AmrZ Regulates Swarming Motility Through Cyclic di-GMP-Dependent Motility Inhibition and Controlling Pel Polysaccharide Production in PA14.

作者信息

Hou Lingli, Debru Alexander, Chen Qianqian, Bao Qiyu, Li Kewei

机构信息

Department of Microbiology and Immunology, Key Laboratory of Laboratory Medicine, Ministry of Education, School of Laboratory Medicine and Life Sciences, Wenzhou Medical University, Wenzhou, China.

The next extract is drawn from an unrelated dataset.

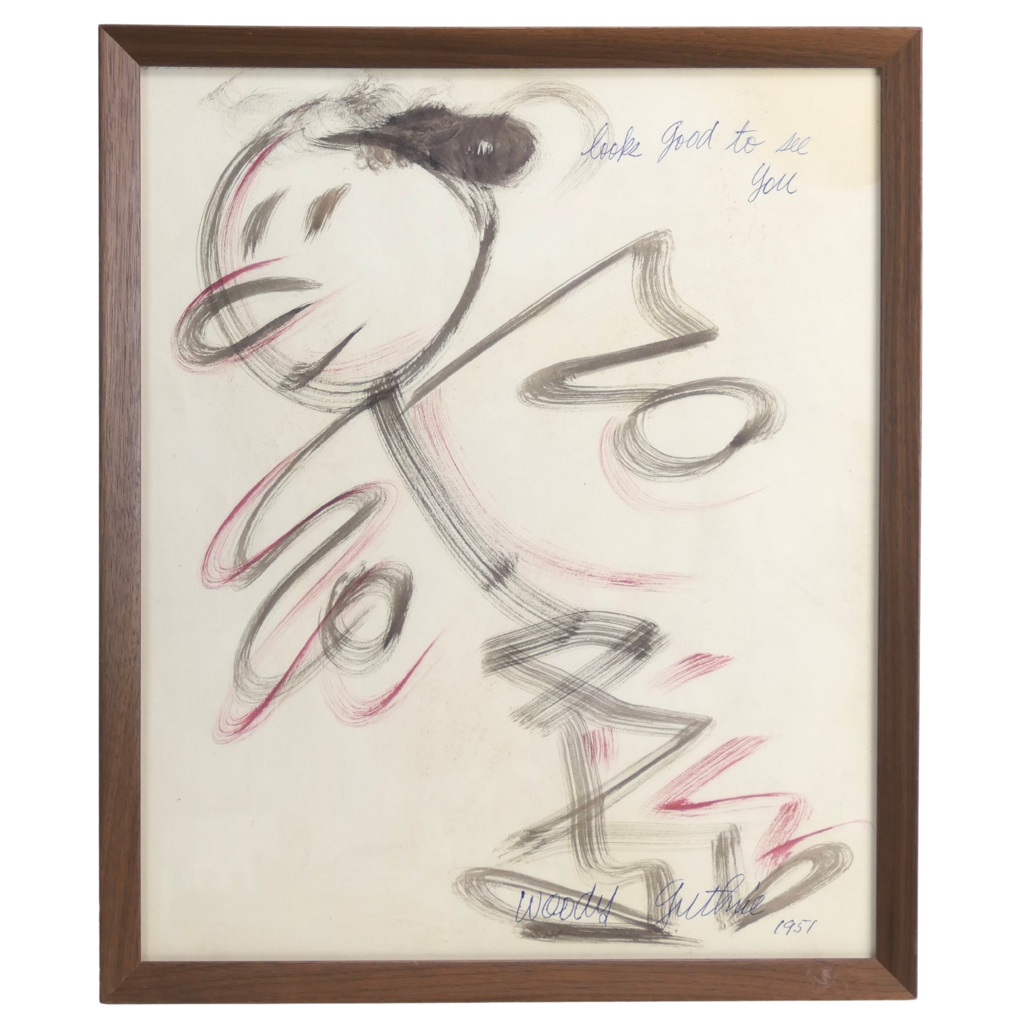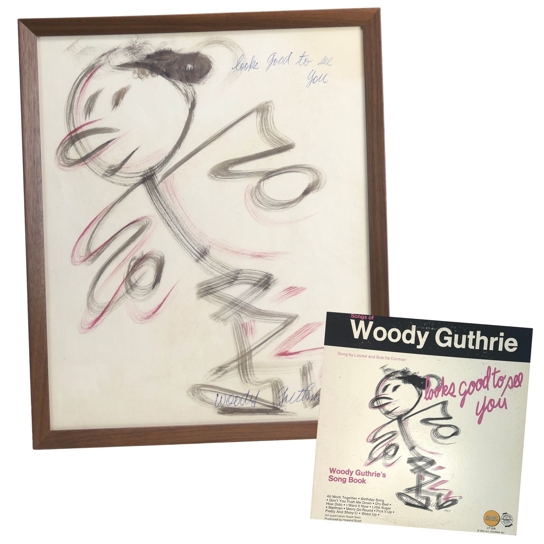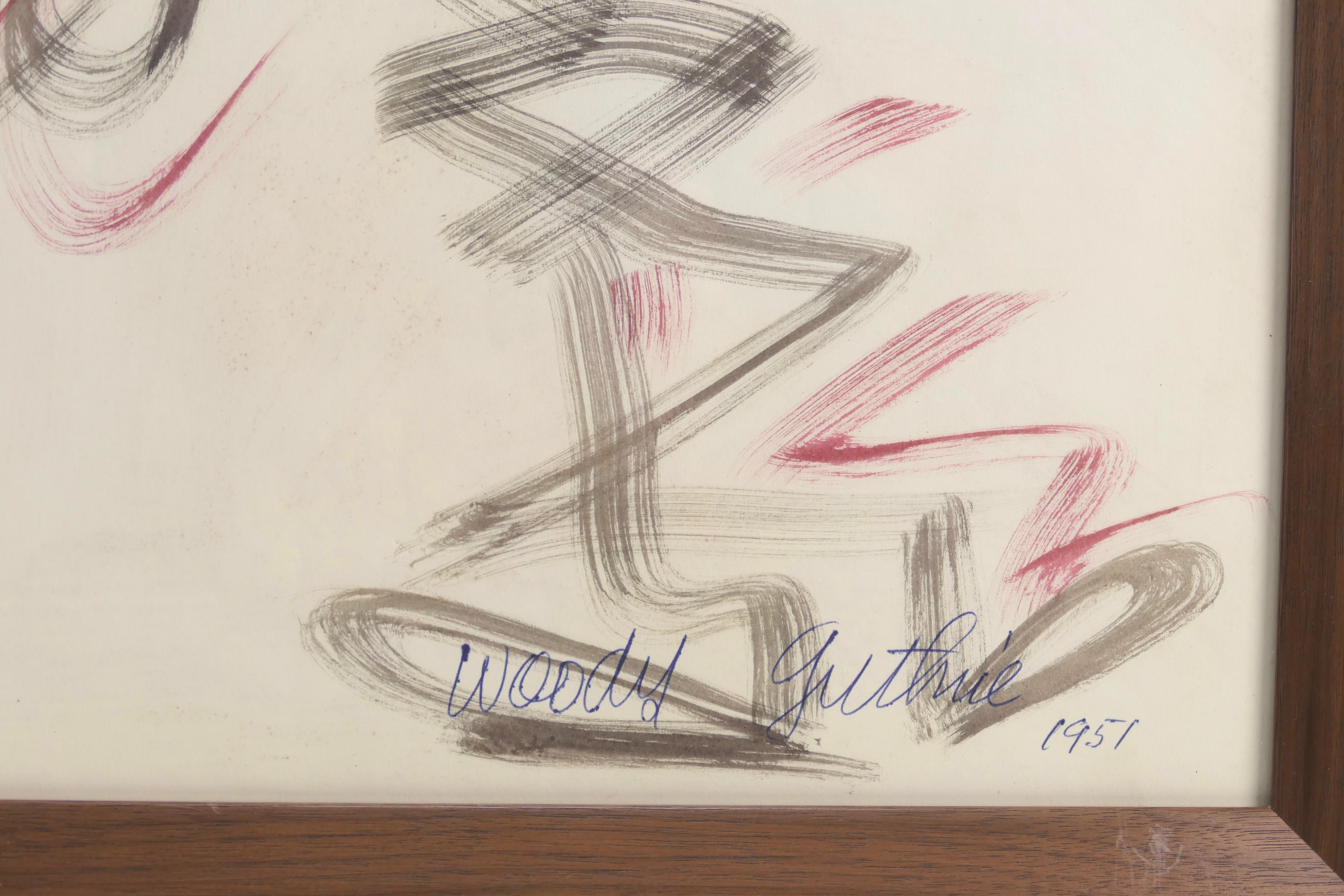 Large original brush-and-ink painting by the legendary and influential troubador and artist, illustrating his song "So Long, It's Been Good To Know You," playfully adapted here as "Looks good to see you." Accomplished in ink and watercolor, signed and dated 1951 lower right and titled upper right in blue ink, from spiral sketch pad. 14 x 17 inches, nicely framed under UV plexi in a new wood frame. Sold together with a 1972 33 1/3 rpm LP record (Golden LP-268), a collection of Woody's childrens songs as sung by Louise and Bob De Cormier, titled "Looks Good To See You" and featuring a reproduction of this artwork on the cover.
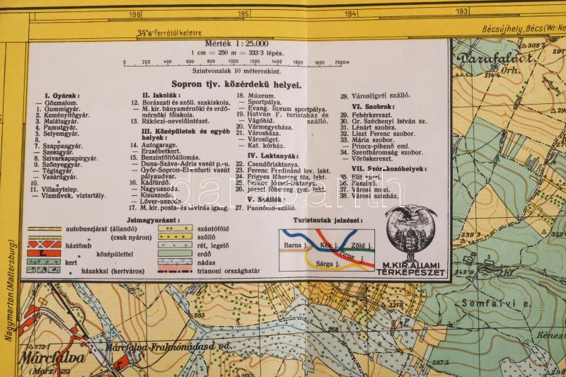 Beschreibung: 1931 Soproni hegység, Kirándulók térképe 14. sz., 1 : 25.000, Bp., M. Kir. Állami Térképészeti Intézet, 82x55 cm

Scientific Research Center of Wenzhou Medical University, Wenzhou, China.

出版信息

Front Microbiol. 2019 Aug 14;10:1847. doi: 10.3389/fmicb.2019.01847. eCollection 2019.

Abstract

Swarming is a surface-associated motile behavior that plays an important role in the rapid spread, colonization, and subsequent establishment of bacterial communities. In , swarming is dependent upon a functional flagella and aided by the production of biosurfactants. AmrZ, a conserved transcription factor across pseudomonads, has been shown to be a global regulator of multiple genes important for virulence and ecological fitness. In this study, we expand this concept of global control to swarming motility by showing that deletion of results in a severe defect in swarming, while multicopy expression of this gene stimulates swarming of . Mechanistic studies showed that the swarming defect of an mutant does not involve changes of biosurfactant production but is associated with flagellar malfunction. The ∆ mutant exhibits increased levels of the second messenger cyclic di-GMP (c-di-GMP) compared to the wild-type strain, under swarming conditions. We found that the diguanylate cyclase GcbA was the main contributor to the increased accumulation of c-di-GMP observed in the ∆ mutant and was a strong inhibitor of flagellar-dependent motility. Our results revealed that the GcbA-dependent inhibition of motility required the presence of two c-di-GMP receptors containing a PilZ domain: FlgZ and PA14_56180. Furthermore, the ∆ mutant exhibits enhanced production of Pel polysaccharide. Epistasis analysis revealed that GcbA and the Pel polysaccharide act independently to limit swarming in Δ. Our results support a role for AmrZ in controlling swarming motility, yet another social behavior besides biofilm formation that is crucial for the ability of to colonize a variety of surfaces. The central role of AmrZ in controlling these behaviors makes it a good target for the development of treatments directed to combat infections.

摘要

群体游动是一种与表面相关的运动行为,在细菌群落的快速传播、定殖及随后的建立过程中发挥着重要作用。在[具体情境未提及]中,群体游动依赖于功能性鞭毛,并受生物表面活性剂产生的辅助。AmrZ是一种在假单胞菌中保守的转录因子,已被证明是对毒力和生态适应性重要的多个基因的全局调节因子。在本研究中,我们通过表明[基因名称未提及]的缺失导致群体游动严重缺陷,而该基因的多拷贝表达刺激[菌株名称未提及]的群体游动,将这种全局控制的概念扩展到群体游动性。机制研究表明,[基因名称未提及]突变体的群体游动缺陷不涉及生物表面活性剂产生的变化,而是与鞭毛功能障碍有关。与野生型菌株相比,在群体游动条件下,∆[突变体名称未提及]突变体表现出第二信使环二鸟苷酸(c-di-GMP)水平升高。我们发现,双鸟苷酸环化酶GcbA是在∆[突变体名称未提及]突变体中观察到的c-di-GMP积累增加的主要贡献者,并且是鞭毛依赖性运动的强抑制剂。我们的结果表明,GcbA依赖性的运动抑制需要存在两个含有PilZ结构域的c-di-GMP受体:FlgZ和PA14_56180。此外,∆[突变体名称未提及]突变体表现出Pel多糖产量增加。上位性分析表明,GcbA和Pel多糖独立作用以限制Δ[相关菌株名称未提及]中的群体游动。我们的结果支持AmrZ在控制群体游动性中的作用,群体游动性是除生物膜形成之外的另一种社会行为,对[细菌名称未提及]定殖各种表面的能力至关重要。AmrZ在控制这些行为中的核心作用使其成为开发针对[细菌名称未提及]感染的治疗方法的良好靶点。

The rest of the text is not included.